** ABOUT THIS TASK **
Each line below from the "DX/コロナによる大きな変化" line through the "眼见事态闹大,何超莲今天发文" line, those two included, must be restated word for word; the pictures must not be.

** RECORDS SHOWN **
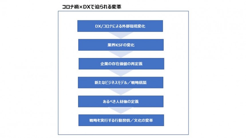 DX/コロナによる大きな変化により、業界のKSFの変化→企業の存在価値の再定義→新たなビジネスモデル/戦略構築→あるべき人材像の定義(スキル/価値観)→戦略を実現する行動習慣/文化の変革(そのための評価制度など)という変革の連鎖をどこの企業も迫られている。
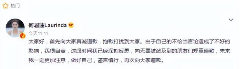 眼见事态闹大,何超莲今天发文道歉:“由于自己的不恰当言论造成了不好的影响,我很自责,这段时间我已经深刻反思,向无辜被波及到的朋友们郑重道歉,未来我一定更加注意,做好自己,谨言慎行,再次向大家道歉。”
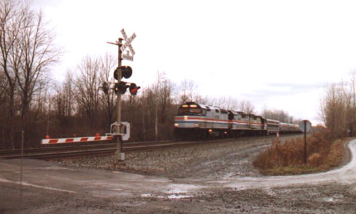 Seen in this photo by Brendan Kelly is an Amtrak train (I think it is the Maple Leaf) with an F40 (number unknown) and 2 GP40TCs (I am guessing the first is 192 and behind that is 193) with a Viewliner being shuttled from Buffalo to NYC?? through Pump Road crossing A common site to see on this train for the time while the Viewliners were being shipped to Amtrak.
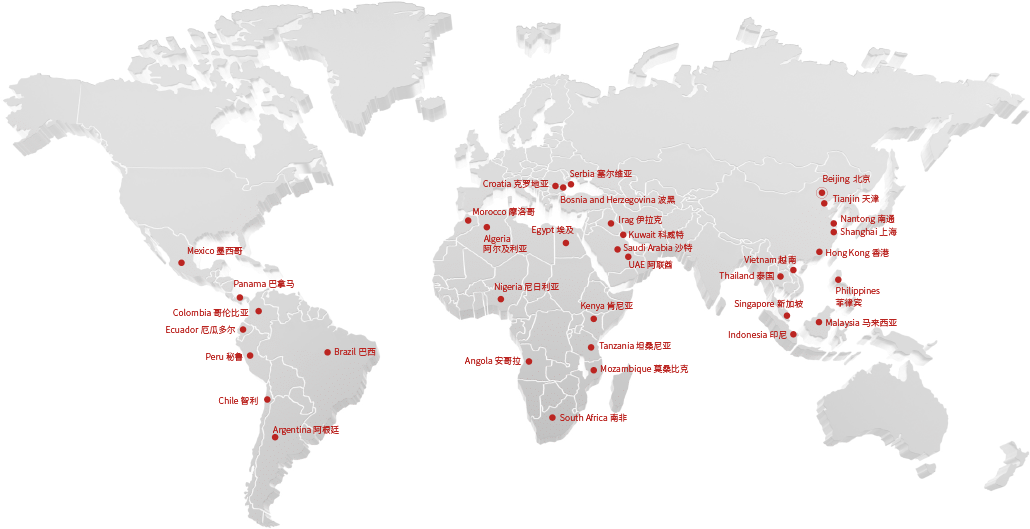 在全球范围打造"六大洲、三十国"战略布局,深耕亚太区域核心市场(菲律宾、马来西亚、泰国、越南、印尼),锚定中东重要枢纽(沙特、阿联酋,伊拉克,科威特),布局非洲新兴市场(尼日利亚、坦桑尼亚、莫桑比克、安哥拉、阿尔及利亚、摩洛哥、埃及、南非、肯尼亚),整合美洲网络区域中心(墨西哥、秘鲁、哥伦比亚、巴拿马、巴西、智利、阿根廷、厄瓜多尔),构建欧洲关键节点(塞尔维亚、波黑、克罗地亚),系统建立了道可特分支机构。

* * *

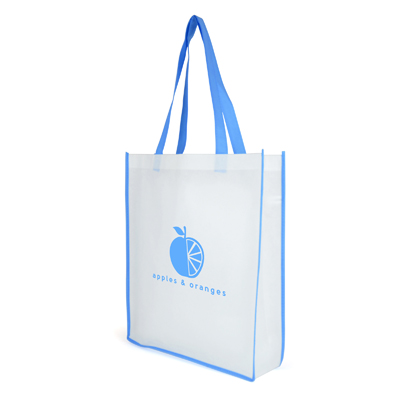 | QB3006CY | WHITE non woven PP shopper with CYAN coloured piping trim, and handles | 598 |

...

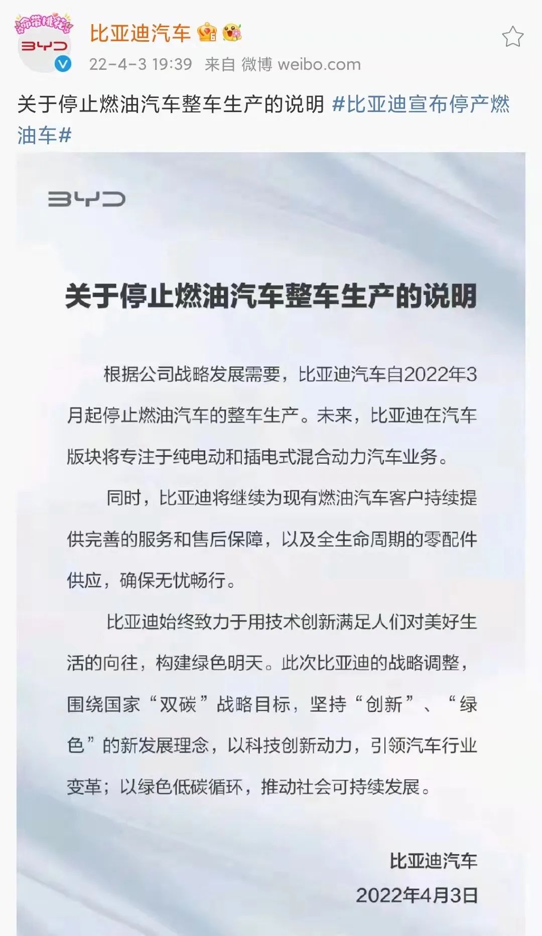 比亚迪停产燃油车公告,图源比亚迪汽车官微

** TASK OUTPUT **
 DX/コロナによる大きな変化により、業界のKSFの変化→企業の存在価値の再定義→新たなビジネスモデル/戦略構築→あるべき人材像の定義(スキル/価値観)→戦略を実現する行動習慣/文化の変革(そのための評価制度など)という変革の連鎖をどこの企業も迫られている。
 眼见事态闹大,何超莲今天发文道歉:“由于自己的不恰当言论造成了不好的影响,我很自责,这段时间我已经深刻反思,向无辜被波及到的朋友们郑重道歉,未来我一定更加注意,做好自己,谨言慎行,再次向大家道歉。”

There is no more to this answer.